Saturday 6 April 2013



Resurrecting A Forest

For the cover story in the April 2013 issue of National Geographic, I explore an idea that sounds like pure science fiction: bringing extinct species back to life. What was once the purely the domain of Crichton and Spielberg is becoming a new field of research. Thanks to spectacular advances in cloning, reproductive technology, and DNA sequencing, scientists can now seriously explore the possibility of reviving some species from extinction. If not dinosaurs, then perhaps mammoths or passenger pigeons.

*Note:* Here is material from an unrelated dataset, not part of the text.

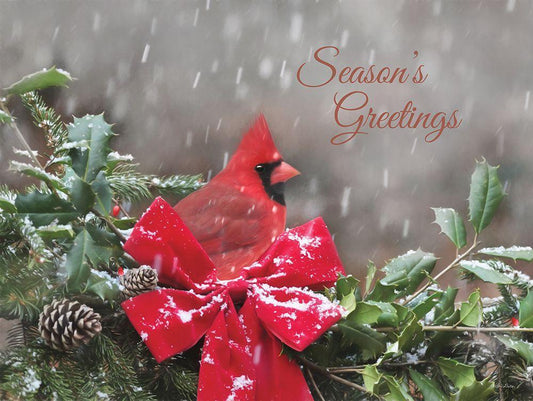 Seasons Greetings Cardinal Black Ornate Wood Framed Art Print with Double Matting by Deiter, Lori
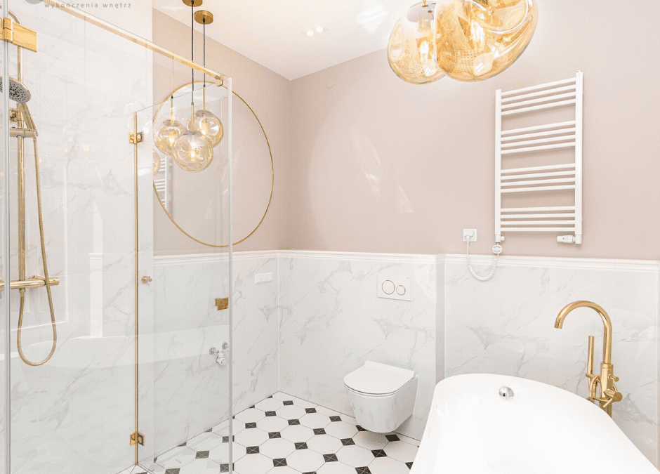 Если у Вас все в порядке с деньгами, можете выполнить отделку плиткой под блестящий мрамор. Подобная схема не зря считается классической — ведь ее любят практически все люди (даже те, кто любит все только новое).

“De-extinction,” as its advocates sometimes call it, is part of a bigger trend these days in the world of conservation. Over the past five decades, conservation has usually taken the form of removing threats so that endangered species can recover–ban pollutants, protect habitats, stop hunting, and the like. Conservationists saved the brown pelican, for example, by protecting it from DDT and similar chemicals and by preserving the coastal wetlands where it lives. What they did not do, however, was tinker with brown pelican DNA to make the birds better able to survive. Indeed, the brown pelican gene pool–the product of millions of years of evolution before humans turned up–was ultimately what the scientists were trying to protect from oblivion.
Meanwhile, over those same five decades, molecular biologists have become adept at probing and manipulating genes. Sequencing genomes went from a dream to just another day’s work at the lab. In the 1970s, scientists began inserting genes from one species into another, and they can now build simple genetic circuits.